# Schnurstopper wie montieren ?



## Lorien (3. April 2004)

Hallo zusammen 

ich habe mir Schnurstopper gekauft da ich Spiro fischen möchte und den Knoten vorm Spirolino schützen.

Jetzt hab ich so ein Schnurstopper Set gekauft. Da ist so ein rundes Teil aus Plastik daran sind drei Bünde aus Silch festgebunden auf denen je 5 Gummiperlen drauf sind. Nun frage ich mich wie bringe ich die auf meine Hauptschnur ?

Blick da echt nicht durch wie ich die da drauf bringen soll.

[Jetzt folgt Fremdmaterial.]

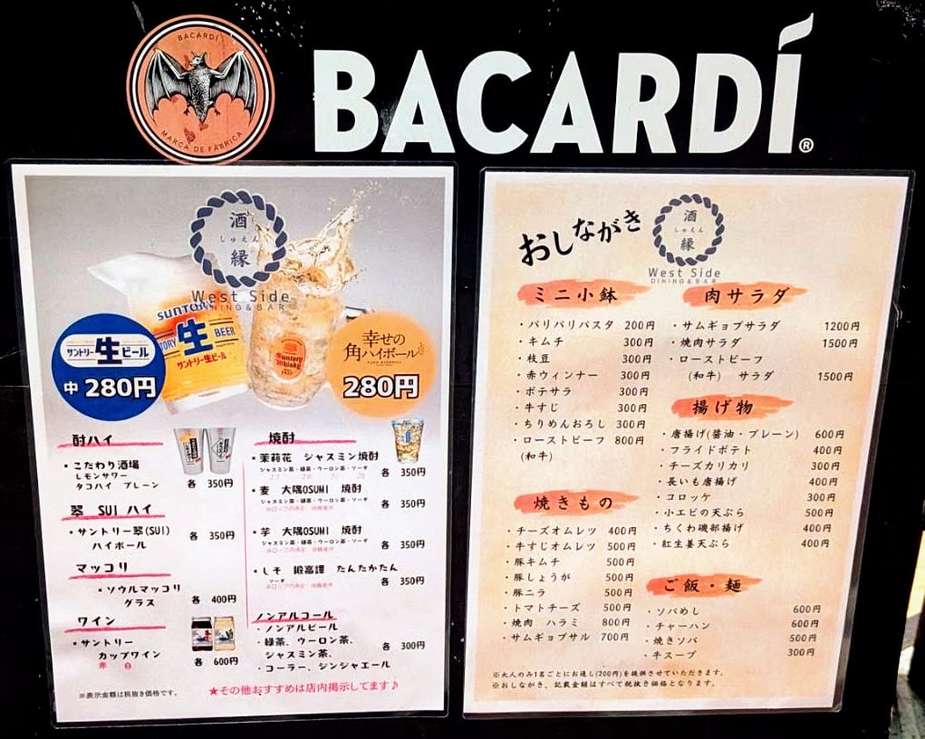 JR西宮近くの斜めの道に「酒縁West Side」というダイニンングバーができています。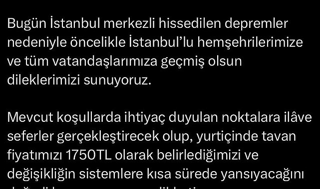Mevcut şartlarda ihtiyaç duyulan noktalara ilâve seferler gerçekleştirecek olup, yurtiçinde tavan fiyatımızı bin 750 TL olarak belirlediğimizi ve değişikliğin sistemlere kısa sürede yansıyacağını değerli kamuoyumuzun dikkatine sunarız" dedi.

Hoffe es kann mir da einer helfen wie man das machen muss.

Grüsse
Lorien


----------



## Steffen23769 (3. April 2004)

*AW: Schnurstopper wie montieren ?*

Hi Lorien,
die Hauptschnur wird durch die überstehende Drahtschlinge gezogen, so das quasi Schlinge in Schlinge entsteht, dann wird der Sikliokonstopper von der Drahtschlinge auf die Schnurschlinge gezogen, danach kannst dann Deinen Knoten machen und den Worbel oder was weiß ich noch alles einschlaufen um dann das Vorfach einzuhängen...


----------



## anglermeister17 (3. April 2004)

*AW: Schnurstopper wie montieren ?*

Normalerweise wird beim Angeln mit SBIRO nie ein Schnurstopper benutzt, bei den meisten anglern wird der Knoten durch eine einfache Gummiperle geschützt, die frei auf der Schnur läuft, wie der Sbirolino auch!
KEEP ON FISHING!!!


----------



## sebastian (3. April 2004)

*AW: Schnurstopper wie montieren ?*

Hauptschnur durch die shclaufe und stopper einfach rüberziehen.
Einfach gesagt mit Bild


----------



## Nick_A (5. April 2004)

*AW: Schnurstopper wie montieren ?*

Hi sebastian #h

da hast Du aber ein sehr schönes Bild drangehängt !!!  :m

Grüssle #h
Robert


----------



## M4sterOfDes4ster (21. Juni 2015)

*AW: Schnurstopper wie montieren ?*



sebastian schrieb:


> Einfach gesagt mit Bild



Sehr hübsches Bild  |rolleyes


----------